Das Forschungsteam behauptet, dies sei zudem der erste öffentlich dokumentierte „gekettete Exploit (chained exploit)“-Angriff, der die MIE-Schutzmaßnahmen auf physischen Geräten mit dem M5-Chip durchbrechen könne. Besonders beunruhigend: Von der Entdeckung der Schwachstellen bis zum Abschluss der gesamten Angriffskette vergingen insgesamt nur etwa fünf Tage.

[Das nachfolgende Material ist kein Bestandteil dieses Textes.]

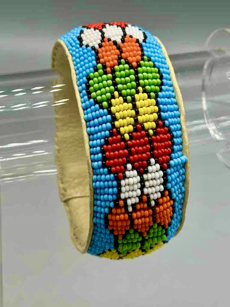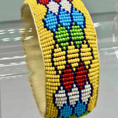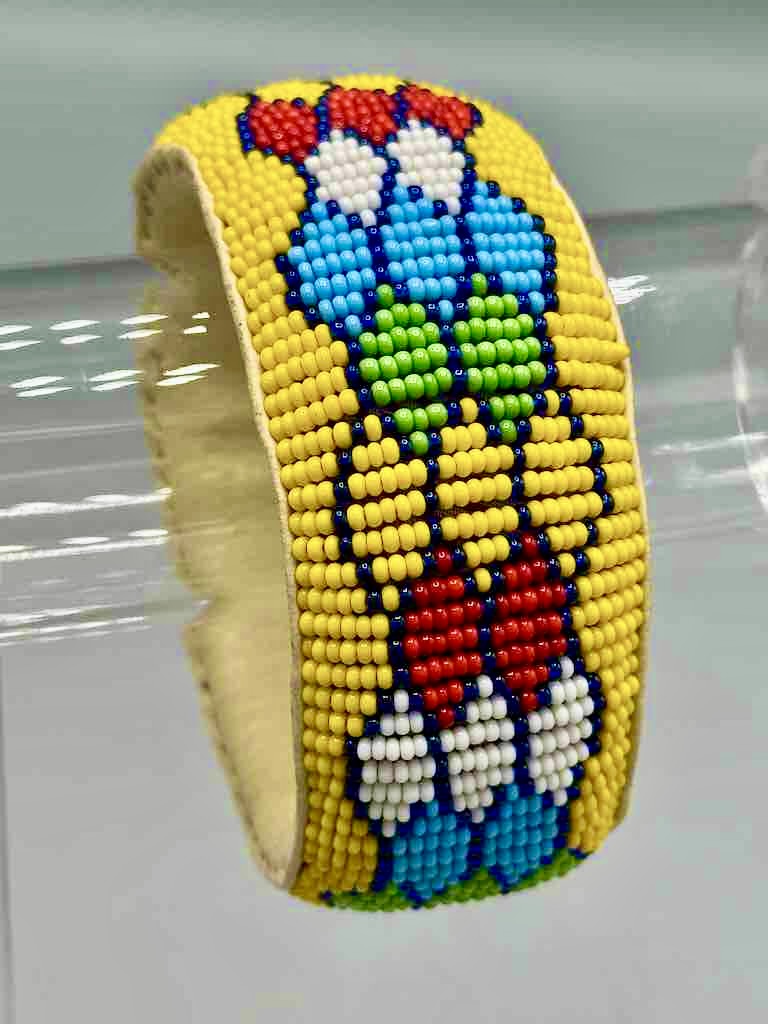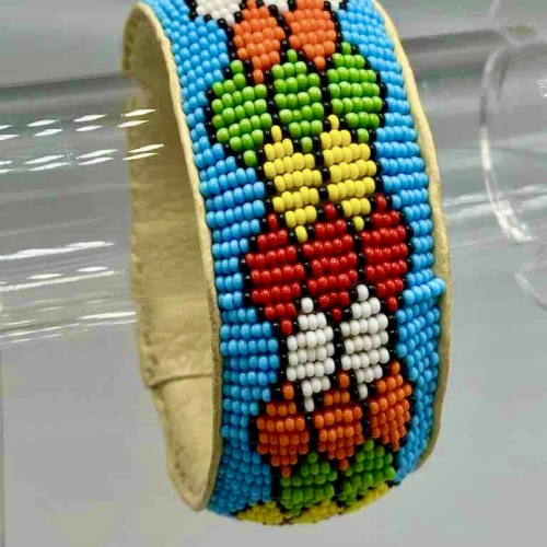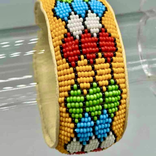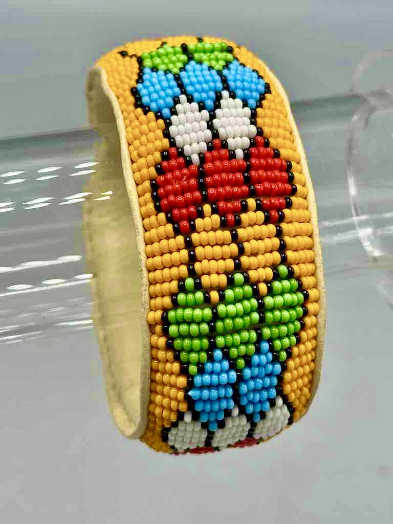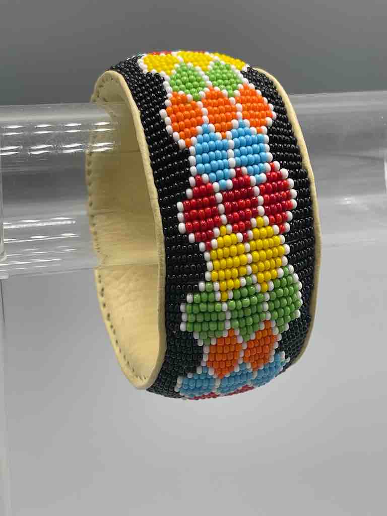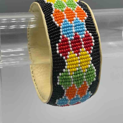 These are the widest beaded leather bracelets made in Mali, where they make a wide variety of this type of bracelet. These are available now in 7 different color/design versions, all beaded on natural interior goatskin leather. These beads are the normal seed beads used in most bracelets and other beaded items, not the smaller beads featured in some of our finer quality beaded leather bracelets. Please see the other versions of this same bracelet that we have, all with the same SKU prefix BBR-9X. 2 1/2″ interior diameter x 1 1/2″ wide (6 x 3.8 cm)

Calif: KI ist nicht allmächtig, Mensch-Maschine-Zusammenarbeit ist der Schlüssel
Calif-Forschende betonten in ihrem Bericht jedoch, dass der Eindringversuch ohne synchron abgestimmtes Vorgehen durch professionelle Hacker nicht erfolgreich gewesen wäre, auch wenn Mythos eine beeindruckende Fähigkeit zum Aufspüren von Lücken zeigt. Daher sei Mythos im gesamten Prozess eher die Rolle eines „leistungsstarken Assistenztools“ gewesen und kein vollautomatisches Angriffssystem.

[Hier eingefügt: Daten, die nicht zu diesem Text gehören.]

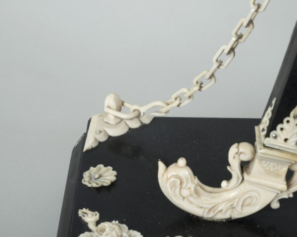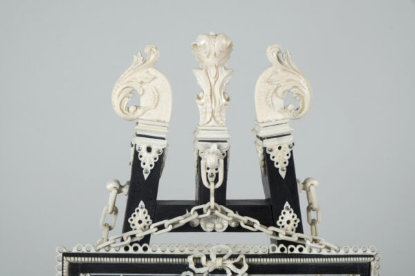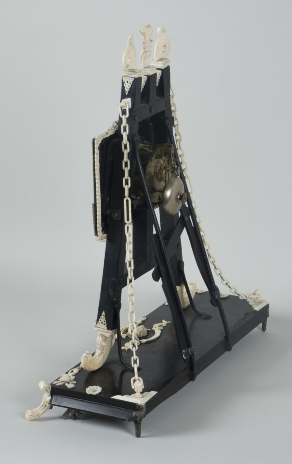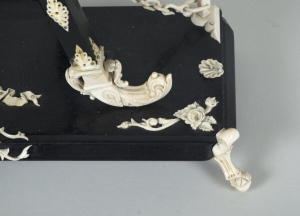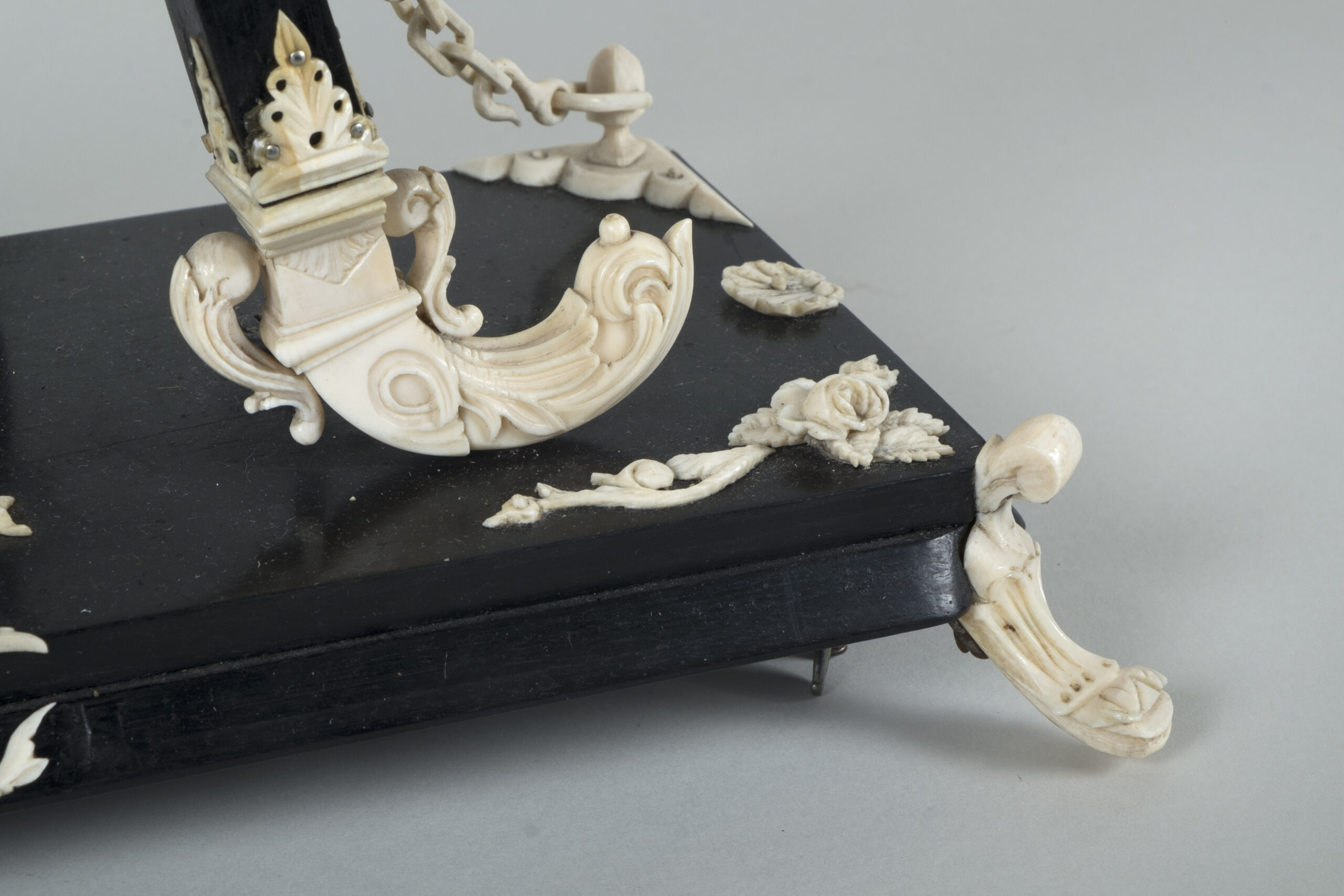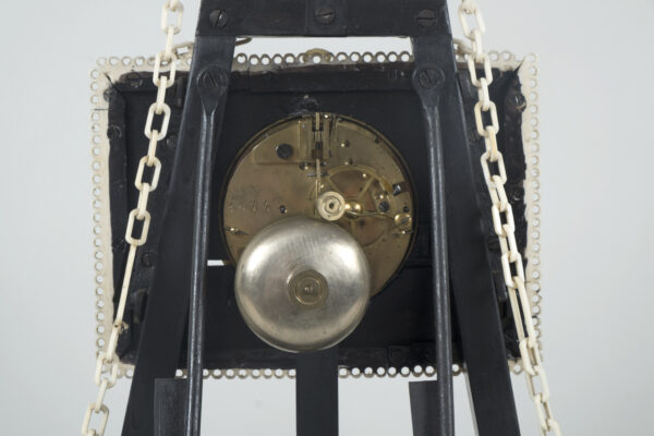 pendule formant chevalet supportant un tableau, à décors d’acanthes, coquilles, putti, fleurs, perles et chainettes en ébène et os.
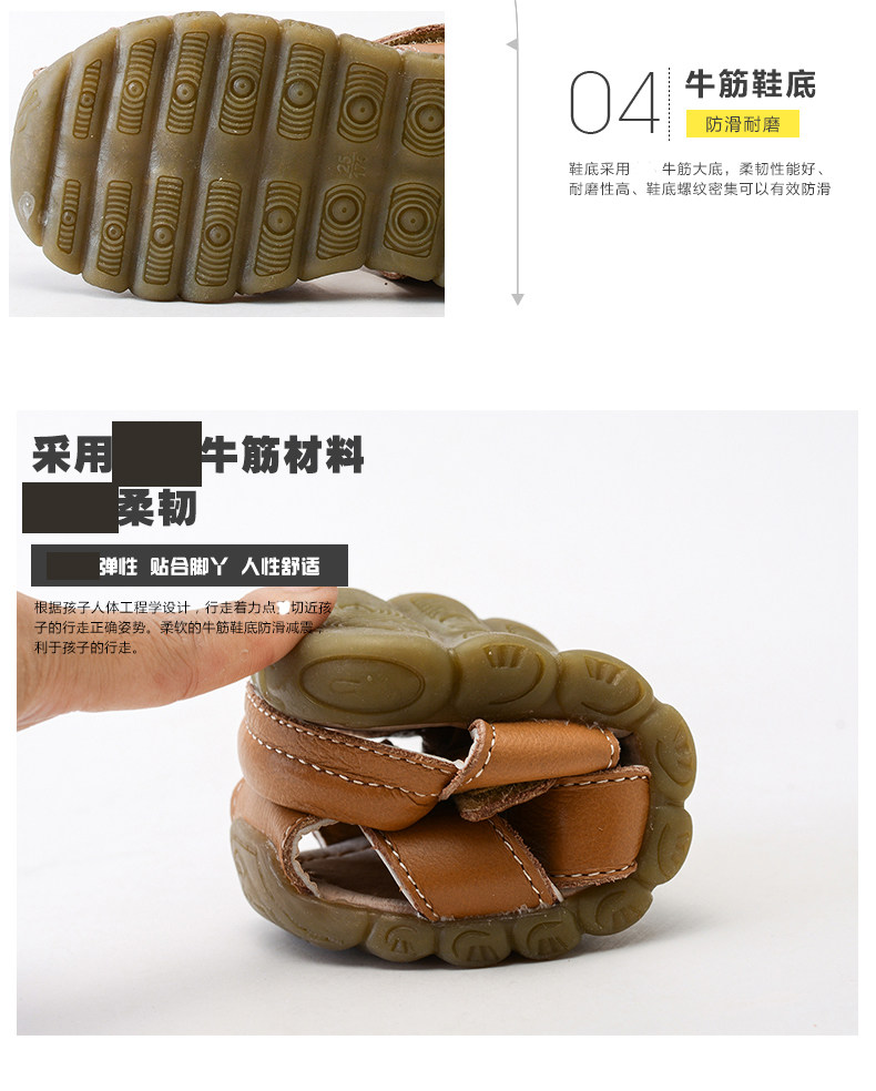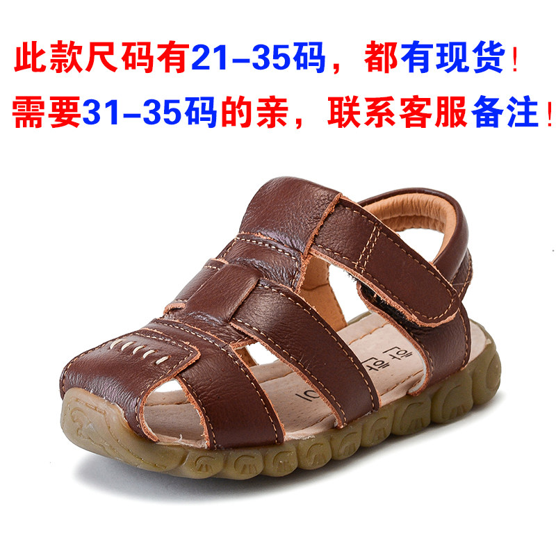 2025韩版男童沙滩凉鞋儿童夏季包头休闲鞋防滑牛筋软底真皮女童鞋
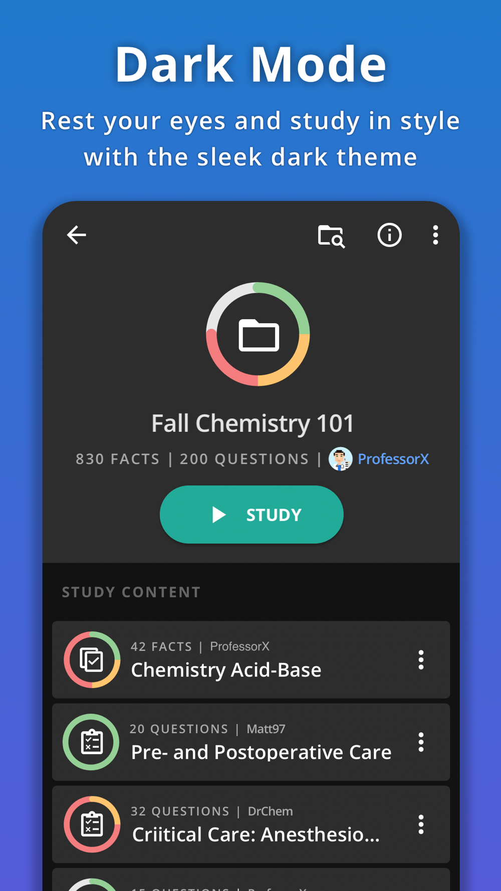 1) Study for free with community flashcards and practice questions, create your own, or ace your exams with professional Study-Packs authored by test-prep experts.

Bislang hat Apple noch nicht auf den Vorfall reagiert und auch nicht bestätigt, ob bereits Patches für die von Mythos ausgenutzten Schwachstellen bereitgestellt wurden.
Ursprüngliche Absicht von Anthropic: AI soll zur Waffe für die Cyberabwehr werden
Anthropic betont, dass die Entwicklung von Mythos nicht für böswillige Angriffe gedacht war, sondern als Werkzeug für aktive Verteidigung dienen sollte. Dazu hat Anthropic das Projekt „Project Glasswing“ ins Leben gerufen. Ziel ist, Mythos zur Identifizierung von System-Sicherheitslücken bereitzustellen, damit diese bereits behoben werden können, bevor sie von böswilligen Hackern entdeckt werden.
Doch der Vorfall zeigt auch die Kehrseite der Medaille: Ein und dasselbe leistungsstarke Modell kann sowohl ein hilfreicher Assistent für die Netzabwehr sein als auch unter bestimmten Bedingungen zu einer Bedrohung werden, um selbst Spitzen-Betriebssysteme zu knacken. Mit dem fortlaufenden Ausbau von KI-Fähigkeiten wird die Cyber-Sicherheitsvorsorge in allen Bereichen immer dringlicher.
Dieser Artikel „Anthropic Mythos gelingt es in fünf Tagen, Apples macOS-Sicherheitsmechanismus zu knacken“: Sicherheitsalarm bei Apple — erstmals erschienen in der Ketten-News ABMedia.